I've been trying to add STI (still image) support to Wine, and I've made some progress. However, I see a deep and unsurmountable need to add (at least user-space) device drivers to Wine, and I would like some feedback on these ideas.
Drivers belong in the kernel.
Not necessarily. In fact, only the part that directly touches the hardware really belongs there. There's nothing wrong with doing rest of the processing (i.e. the non time-critical parts) in the userspace. In fact, that likely makes the kernel a safer place.
If there's no Linux driver for a device, then Wine cannot support it.
That would be stupid.
In that case, the first step is to write a Linux device driver for it, which has the added advantage that other native linux applications can use the hardware.
Huh? What about sane? It can e.g. use libusb quite nicely and *portably* to say access usb scanners. I.e. it flies on both windows *and* linux.
You can't load a Windows driver that accesses hardware in Wine, as Wine is a user-space application with no I/O privileges.

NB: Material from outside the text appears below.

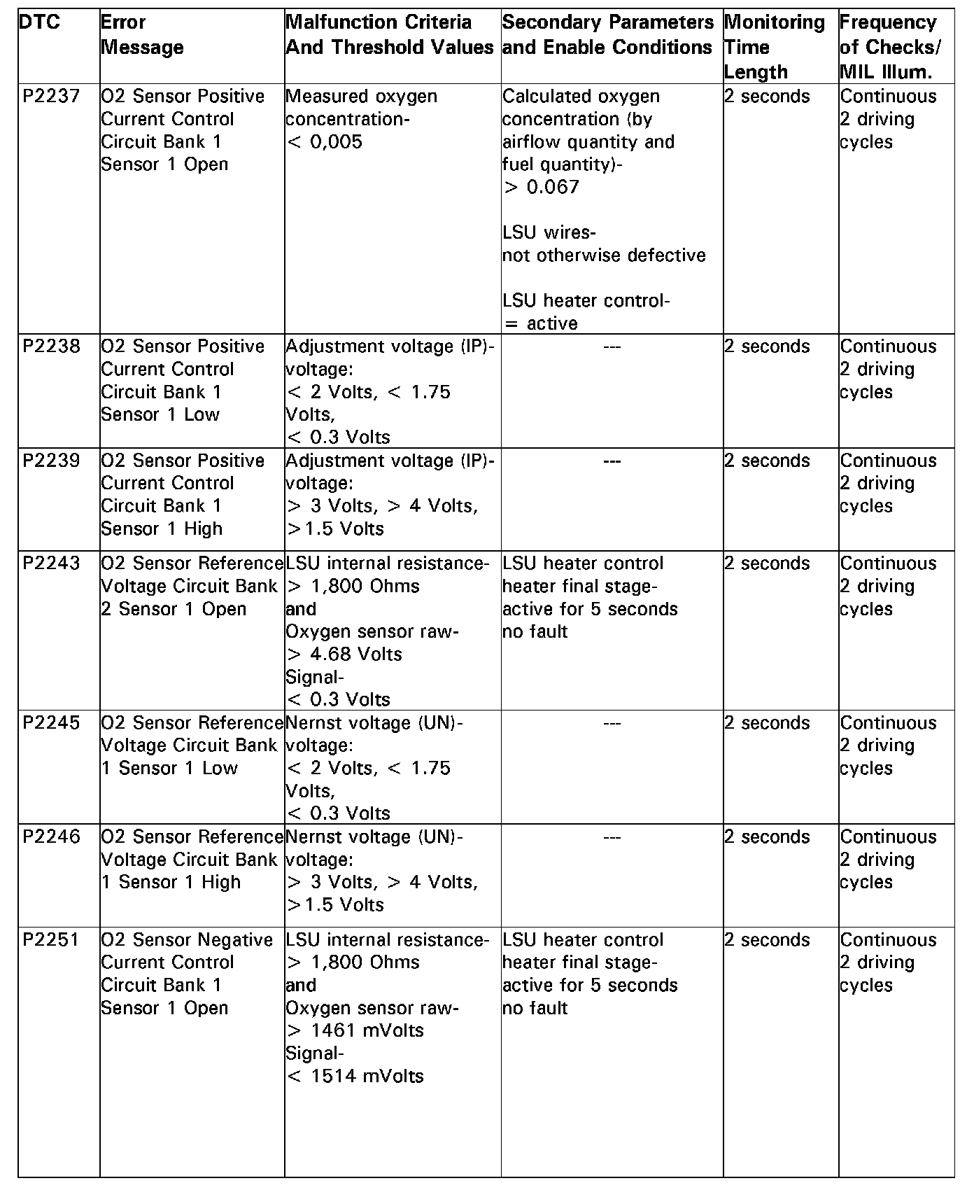 DTC P2237 - P2251:

You could, with help of a special kernel driver to forward the requests between hardware and userspace. libusb and usbfs do that already for usb, i.e. at the current point in time wine can be able to natively support any usb device minidriver that doesn't use a class driver. Class drivers can be easily developed by snatching code from linux kernel, as long as licenses are fine of course. All that without touching the kernel in any way. And I mean here full support for *any* usb device, rain or shine. Network adapters (visible in wine only, but so what?), scanners, cheap webcams whose manufacturers don't care enough to release the specs, and the list goes on.